WHAT IS REQUIRED: Every line below between the line holding "NBA杯总决赛战报:尼克斯末" and the line holding "Branglidor, La [...]", inclusive, should be repeated exactly, and all other lines omitted.

DATASET EXCERPTS:
☆ ☆ ☆ ☆ ☆
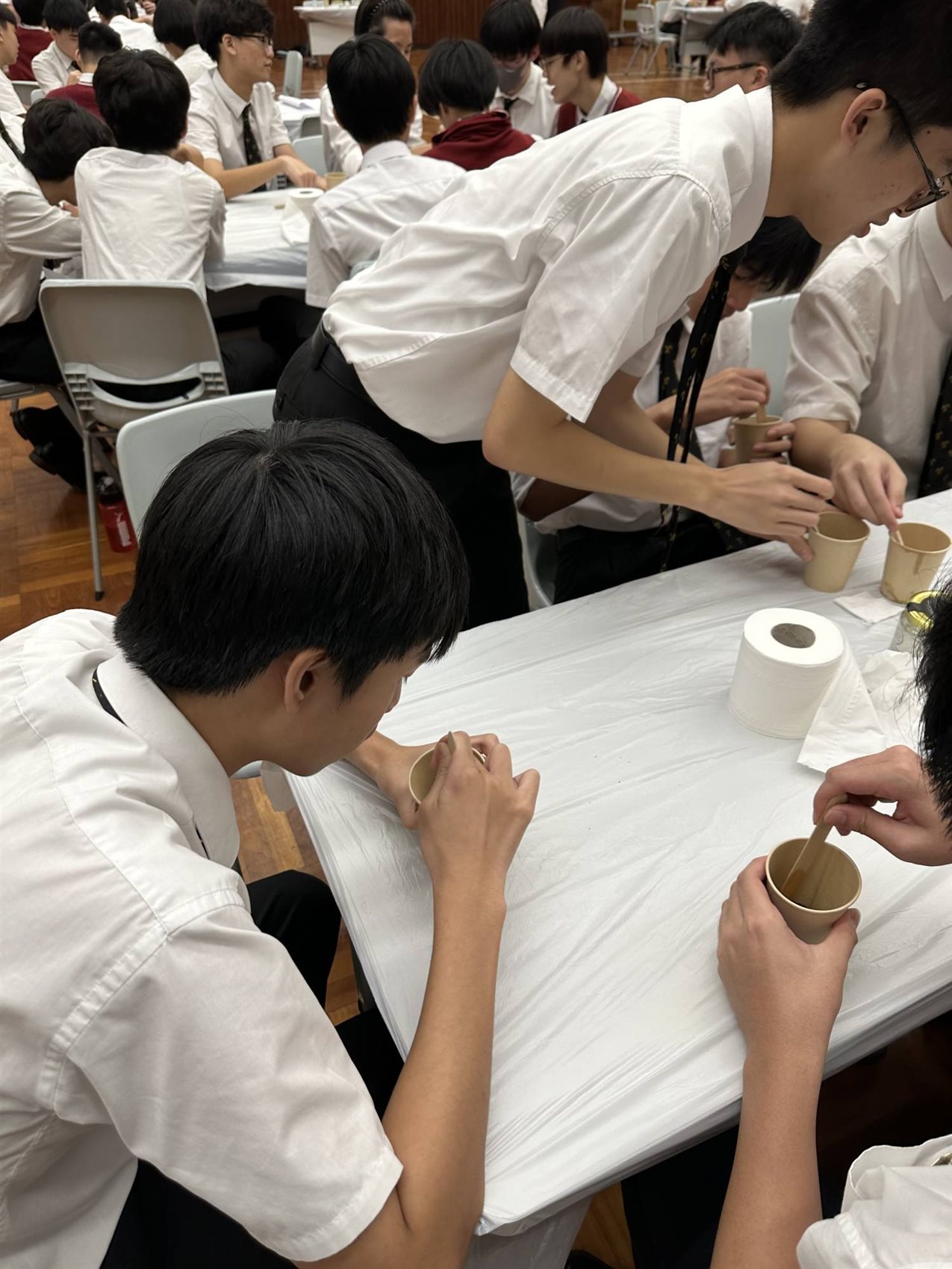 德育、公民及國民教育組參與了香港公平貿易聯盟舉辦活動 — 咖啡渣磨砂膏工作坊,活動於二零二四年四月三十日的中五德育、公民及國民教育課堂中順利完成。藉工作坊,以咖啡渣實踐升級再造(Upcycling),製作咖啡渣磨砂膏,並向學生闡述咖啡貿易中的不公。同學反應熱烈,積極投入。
☆ ☆ ☆ ☆ ☆
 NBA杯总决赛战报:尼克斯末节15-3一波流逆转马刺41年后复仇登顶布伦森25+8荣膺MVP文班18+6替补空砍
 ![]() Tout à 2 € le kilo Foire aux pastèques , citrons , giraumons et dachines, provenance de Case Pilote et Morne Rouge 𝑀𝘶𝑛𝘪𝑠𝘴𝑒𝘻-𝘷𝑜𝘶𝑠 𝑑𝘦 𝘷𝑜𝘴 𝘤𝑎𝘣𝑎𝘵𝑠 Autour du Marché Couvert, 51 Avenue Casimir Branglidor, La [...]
☆ ☆ ☆ ☆ ☆
RESPONSE TO THIS TASK:
 NBA杯总决赛战报:尼克斯末节15-3一波流逆转马刺41年后复仇登顶布伦森25+8荣膺MVP文班18+6替补空砍
 ![]() Tout à 2 € le kilo Foire aux pastèques , citrons , giraumons et dachines, provenance de Case Pilote et Morne Rouge 𝑀𝘶𝑛𝘪𝑠𝘴𝑒𝘻-𝘷𝑜𝘶𝑠 𝑑𝘦 𝘷𝑜𝘴 𝘤𝑎𝘣𝑎𝘵𝑠 Autour du Marché Couvert, 51 Avenue Casimir Branglidor, La [...]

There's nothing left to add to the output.